The hot Jupiter HAT-P-32 b revolves around an active late F-type star (Hartman et al. 2011) in a circular and almost polar orbit (Albrecht et al. 2012; Zhao et al. 2014). Recently, high-resolution transmission spectroscopy of the He Iλ10833 triplet lines in the HAT-P-32 system revealed an enormous structure of material evaporated from the planet, which forms two giant tails trailing and preceding the planet on its orbit (Czesla et al. 2022; Zhang et al. 2023). While transmission spectroscopy is sensitive to the terminator and upper atmosphere of the planet, its dayside is better studied by photometric phase curves and secondary eclipses (e.g., Parmentier & Crossfield 2018).

Observations of the secondary eclipse of HAT-P-32 b in the infrared regime have allowed us to constrain the dayside temperature of HAT-P-32 b. Zhao et al. (2014) analyzed ground-based H- and Ks-band photometry as well as light curves obtained with the Spitzer Space Telescope’s Infrared Array Camera (IRAC) at 3.6 and 4.5 μm and found the planetary spectrum to be well described by a blackbody with a temperature of 2042 ± 50 K. Nikolov et al. (2018) present secondary eclipse measurements in the 1.123–1.644 μm range obtained with the Wide Field Camera 3 on board the Hubble Space Telescope. Combined with the data presented by Zhao et al. (2014), the authors report that the spectrum of HAT-P-32 b is best described by a blackbody with a temperature of 1995 ± 17 K. A comparable dayside temperature of 1962 ± 83 K was determined in the retrieval analysis by Changeat et al. (2022), who present no new eclipse data, however. In their analysis of z′-band eclipse photometry (≈900 ± 60 nm, Fukugita et al. 1996), Mallonn et al. (2019) derived an upper limit of 0.2 for the geometric albedo of HAT-P-32 b.
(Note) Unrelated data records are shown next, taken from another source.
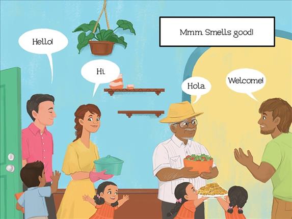 Booklist - 03/01/2025 Imagination and love of food collide at the dinner table in this debut graphic novel for early readers. An unnamed Latino protagonist daydreams about jungle animals before rushing downstairs for a family dinner. While he eats everything, his family members are far more particular, with tastes as different as the animals in the jungle. The short sequence features full-page, brightly colored illustrations depicting a warm scene around the dinner table and quirky panels portraying the protagonist’s imagination playfully transforming his family members into animals enjoying their favorite foods: Papa, who loves meat, becomes a lion, while Uncle Carlos, a fan of shrimp, becomes a bright pink flamingo. Short sentences, large panels, and sounds of eating drawn big and bold make this early comic perfect for young ones just starting to read independently or those starting to transition from picture books to comics. - Copyright 2025 Booklist.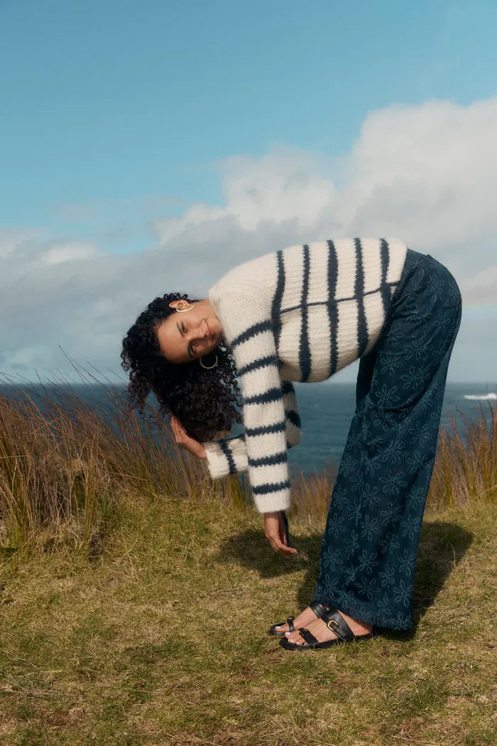 Rita Hand Painted Irregular Stripe Design Sweater in Alpaca Blend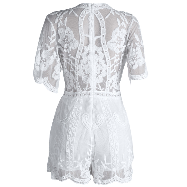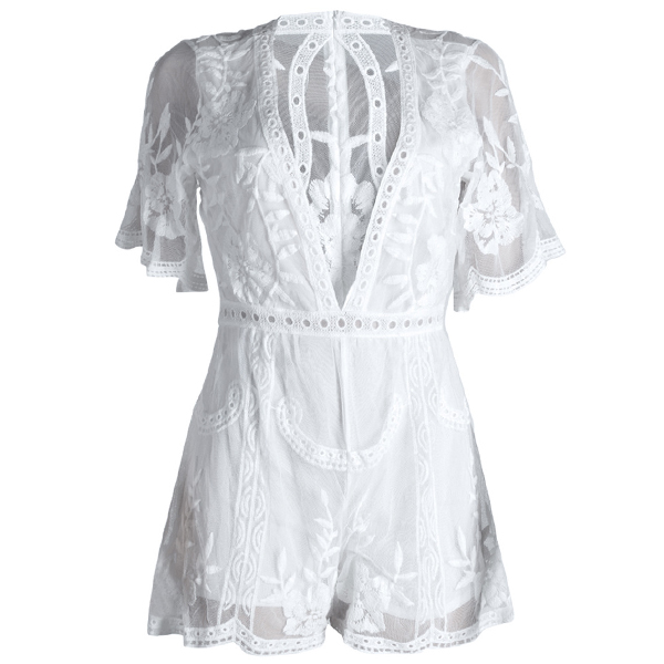 Exude your female charm and sultry style through this lace romper! It is styled with short sleeve,high waist and deep v-neck design,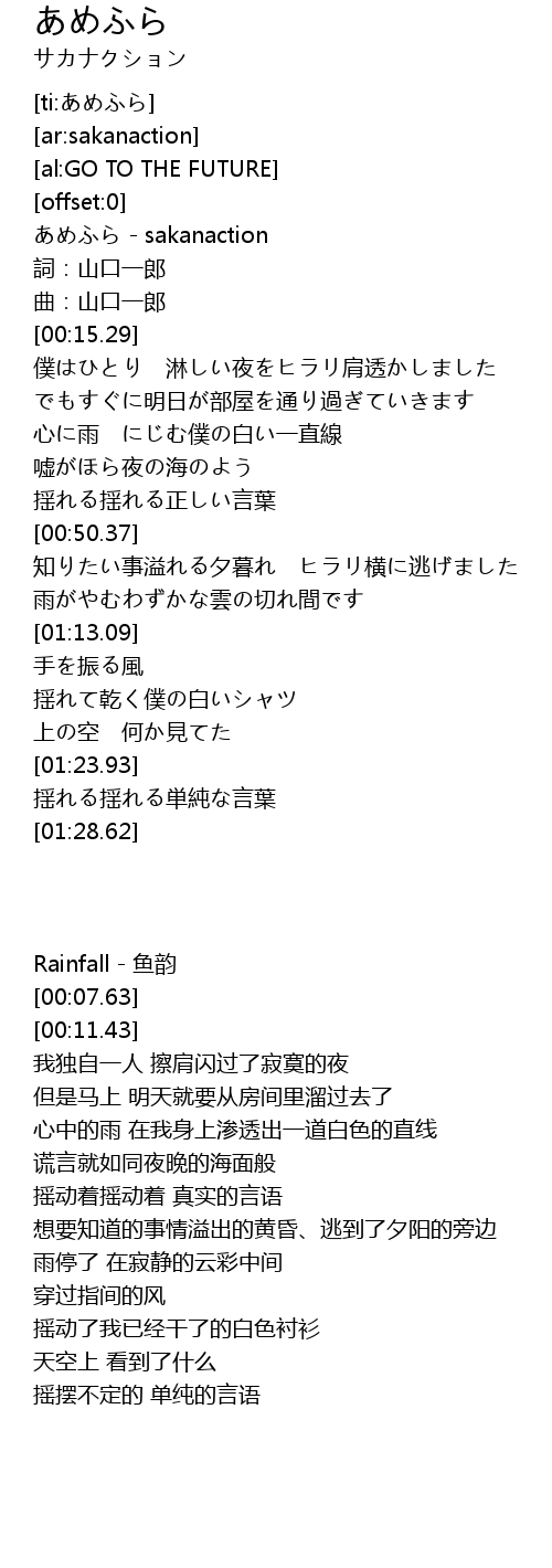 | [00:00.95] | あめふら - sakanaction |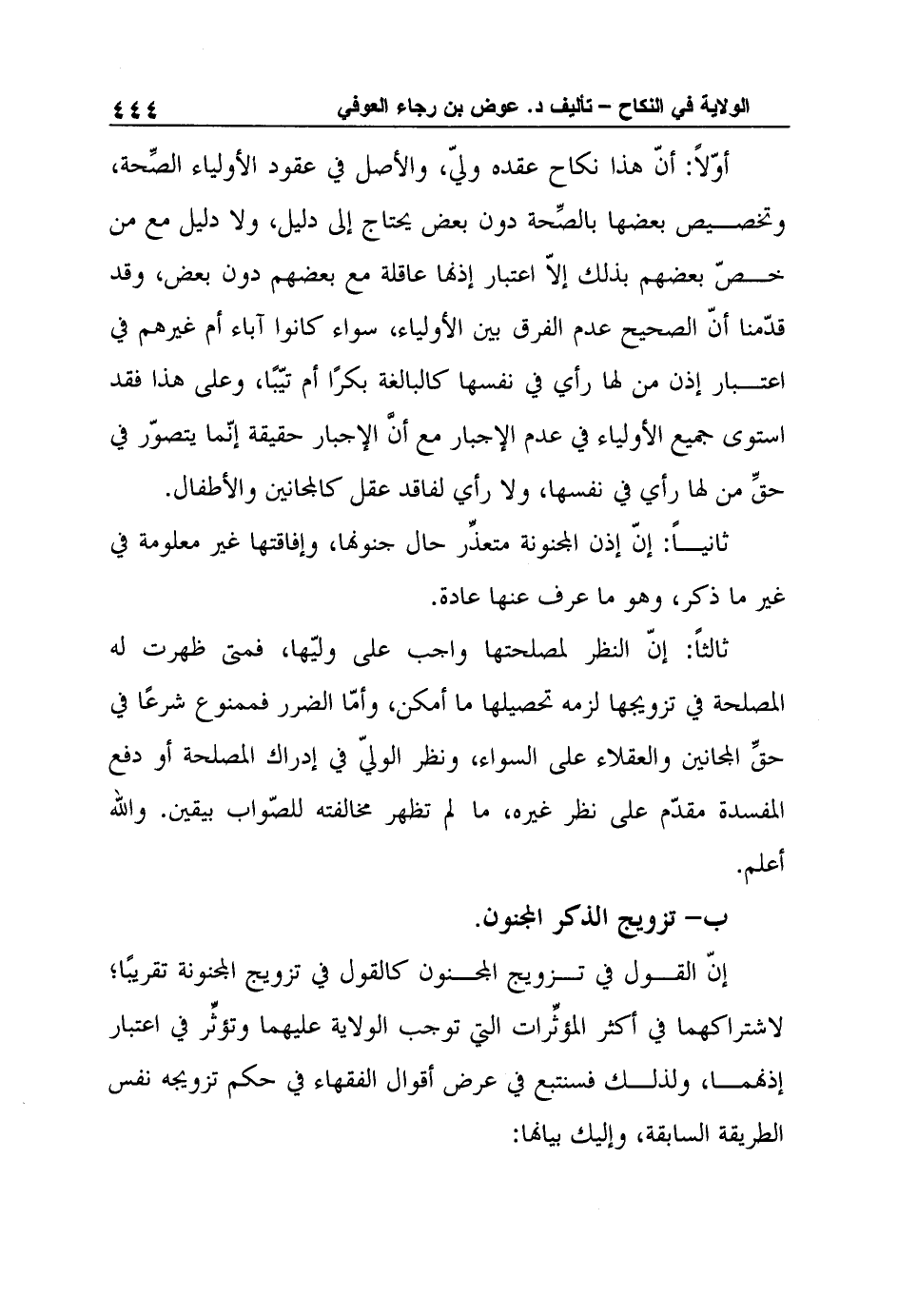 ثالثاً: إنّ النظر لمصلحتها واجب على وليّها، فمتى ظهرت له المصلحة في تزويجها لزمه تحصيلها ما أمكن، وأمّا الضرر فممنوع شرعًا في حقِّ المجانين والعقلاء على السواء، ونظر الوليّ في إدراك المصلحة أو دفع المفسدة مقدّم على نظر غيره، ما لم تظهر مخالفته للصّواب بيقين. والله أعلم.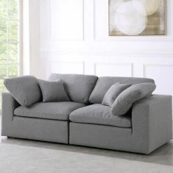 Meridian Furniture Serene Down Filled Cloud-Like Comfort Modular Sofa, Gray, 2-Seater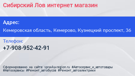 Сибирский Лов, интернет-магазин по адресу Кемеровская область, Кемерово, Кузнецкий проспект, 36 в дальнейшем Организация, размещена в следующих категориях: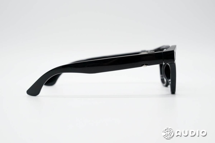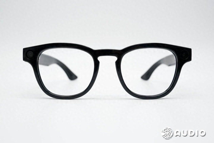 Looktech AI智能眼镜在外观设计上,采用经典黑框设计,经钢琴烤漆工艺处理,时尚且富有质感。镜框右侧设置有明显的摄像头,左侧对称式设置了指示灯,镜腿上设置有功能按键以及银色品牌LOGO,鼻托则采用了一体式设计。眼镜整个框架采用超轻材质,搭配钛合金铰链,整机重量仅34.6g,佩戴舒适。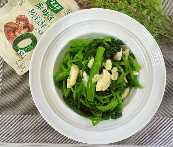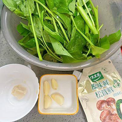 2、准备好原料,空心菜采摘,放入盆中,大蒜剥皮,猪油挖一勺,提前准备好太太乐原味鲜松茸鲜。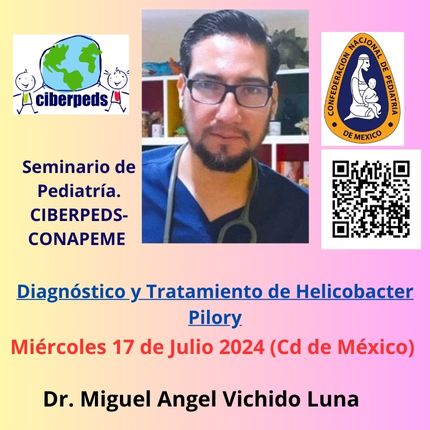 Estimado Pediatra Latinoamericano. Lo invitamos a unirse al seminario web Zoom. Miércoles 17 julio 2024 09:00 p. m. Ciudad de México. Diagnóstico y Tratamiento de Helicobacter Pilory, por el Dr. MiguelAngel Vichido Luna, Gastroenterólogo de la Cd de Oaxaca Oax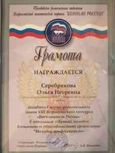 Поздравляем Серебрякову Ольгу Игоревну с ПОБЕДОЙ в региональном этапе VIII Всероссийского конкурса «Воспитатели России» в номинации «Лучший молодой воспитатель образовательной организации «Молодые профессионалы».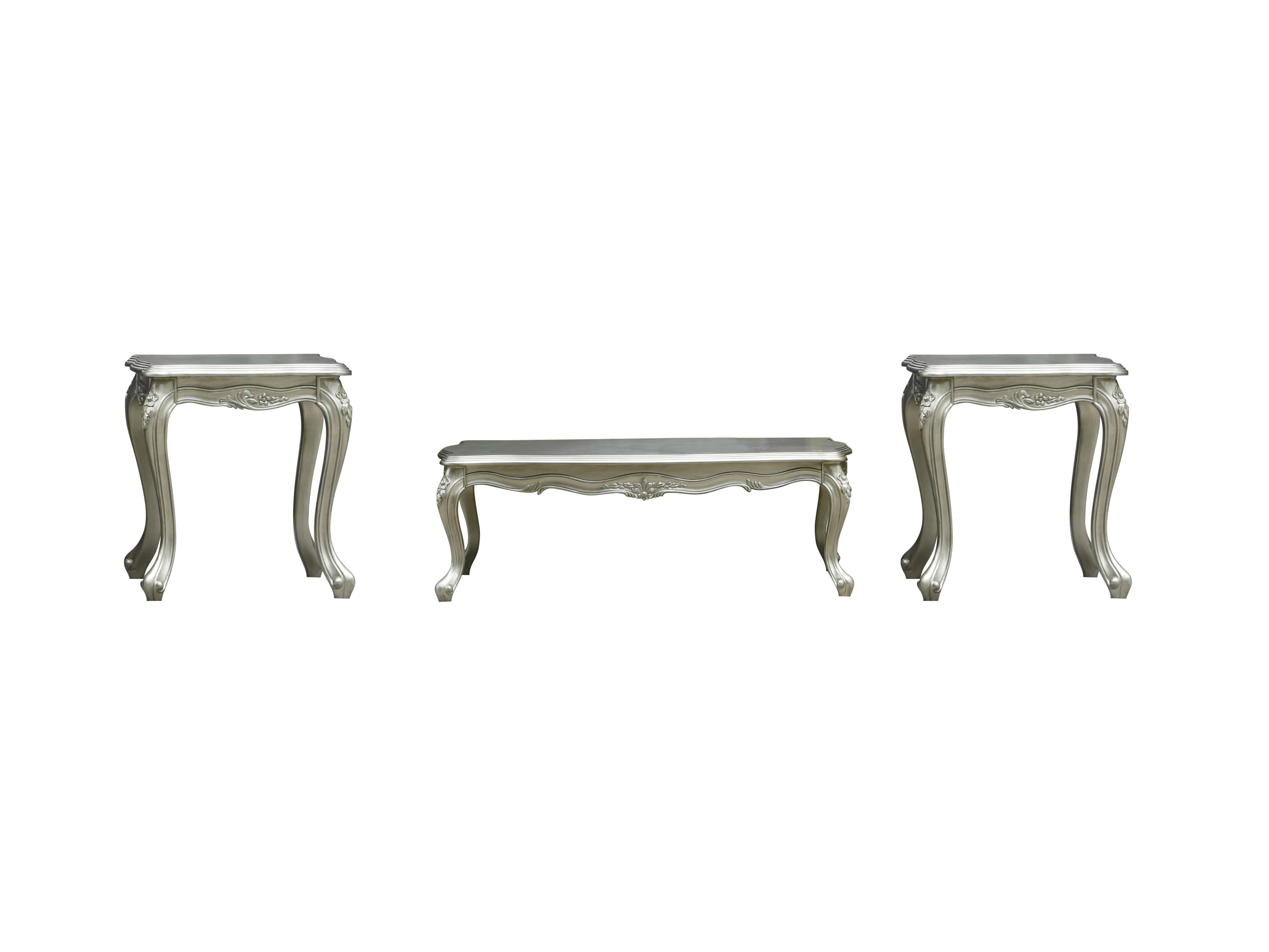 This 3 Piece Coffee Table Set brings a luxurious touch to your living room. Each piece features a unique art design with a golden wooden finish, ensuring that your home stands out from the rest. This set includes one coffee table and two end tables, perfect for displaying your favorite items.
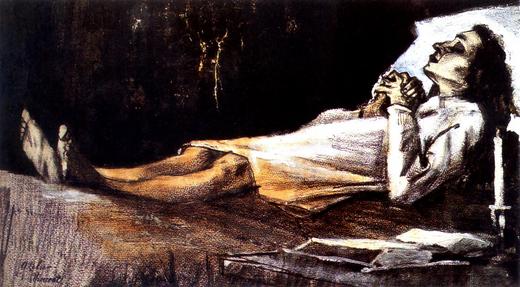 這個時候的梵谷從神職工作轉變成藝術家,面臨家庭關係的變化,可是他毅然決然走向這條不被世人看好的一途,從他的相關作品呈現灰暗,人物表情黯淡、衰老的畫風裡,傳達的幾乎都是「不被世人了解的孤獨」,尤其當我看到了一幅「臨終床上的女人」,內心非常的震撼!也許依現在畫家們的寫實畫風裡,梵谷的作品稱不上精緻,可是他表現出來的,是生命已經走到盡頭,女人雖然雙手合十,可是我感覺得是她企圖以宗教的藉慰,來減緩對死亡的恐懼,以前修一門藝術的課程,老師曾經提到藝術家要表達的不只是畫,而是藉由畫中的世界,來與觀賞畫的人做心靈上的溝通,而此時的我內心非常激動,閉上眼睛時,似乎可以看到梵谷在跟我講話!(資料來源:http://tw.myblog.yahoo.com/akay082790-10132300kegon/article?mid=14874&sc=1)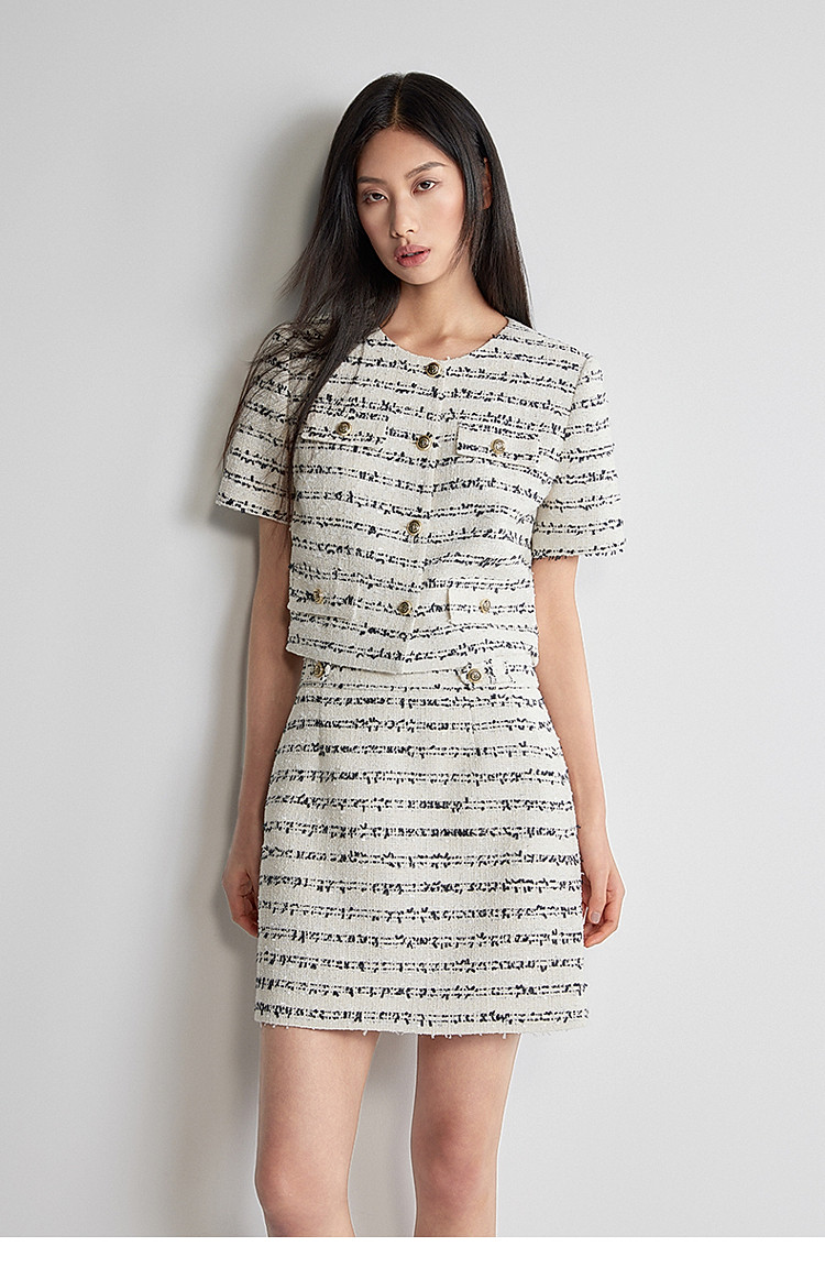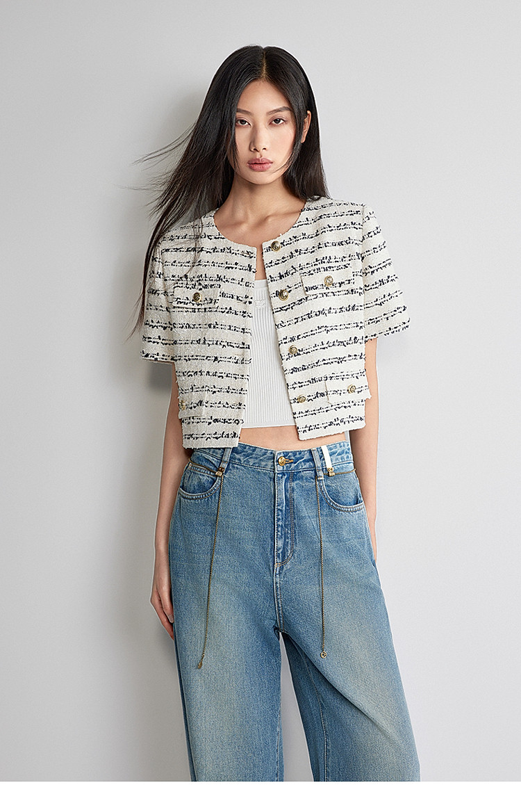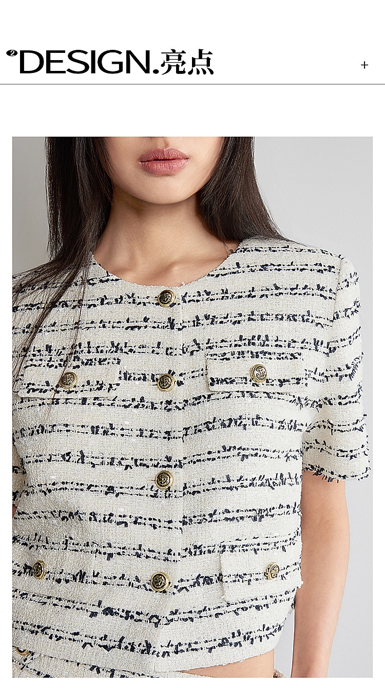 夏装 花式纱小香风短袖针织衫女短款箱型 850511

We here examine the Transiting Exoplanet Survey Satellite (TESS) light curve, which covers the optical to near-infrared band from about 400 nm to 1000 nm, to search for stellar rotational modulation and the secondary planetary eclipse. The TESS light curve of HAT-P-32 was previously presented by Maciejewski et al. (2023), who unsuccessfully searched for transits of additional planets in the system.

2. Observations

TESS observed HAT-P-32 from 29 October to 26 November 2022 (TESS input catalog number 292152376) with 20 s cadence. We downloaded the data from the MAST1 archive. Our analysis is based on the simple aperture photometry (SAP_FLUX) and its error (SAP_FLUX_ERROR). Additionally, we restricted our analysis to good quality data points (QUALITY=0). Using the βσ method (Czesla et al. 2018), we estimated a signal-to-noise ratio (S/N) of 280 per bin for the scatter in the light curve, which is only slightly lower than the median S/N of 295 derived using the pipeline-produced uncertainty of the flux. The latter, therefore, contains all relevant noise sources, and we use it in our analysis.

In Fig. 1, we show the light curve without the primary transits. The light curve shows three gaps with a length of about 0.2 d, illustrating that there is a natural subdivision into four sections with an approximately equal duration of about 7 d. The separations are made at JDT = 2889.5, 2896.2, and 2903.5 (JDT denotes BJDTDB − 2457000). In the top panel of Fig. 1, we show the sections normalized by their respective median. To improve the normalization, we fit the individual sections of the light curve using linear models. Division by the best fit yields the normalized light curve shown in the bottom panel of Fig. 1, which is the basis for our analysis.

thumbnail Fig. 1.

TESS light curve of HAT-P-32. Top: median-normalized TESS light curve of HAT-P-32 without primary transits binned at 14 min cadence. Solid lines indicate best-fit linear models. Bottom: light curve normalized by linear models along with smoothed curve (solid black). In both panels, the colors of the data# points indicate the individual sections and the vertical lines highlight the separations between the sections.

3. Period analysis

The light curve in Fig. 1 clearly shows modulation with a seemingly periodic behavior. To substantiate that impression, we first computed the generalized Lomb-Scargle (GLS) periodogram (Ferraz-Mello 1981; Zechmeister & Kürster 2009) of the entire light curve (Fig. 2, blue), which shows a prominent peak at 1.487 ± 0.002 d; we call this the 1.5 d period for the sake of the discussion. The semi-amplitude of the best-fit sine curve corresponding to the 1.5 d period is (4.7 ± 0.2)×10−4.

thumbnail Fig. 2.

Generalized Lomb-Scargle periodogram for the entire TESS light curve of HAT-P-32 (blue) and the later part (JDT > 2900), red).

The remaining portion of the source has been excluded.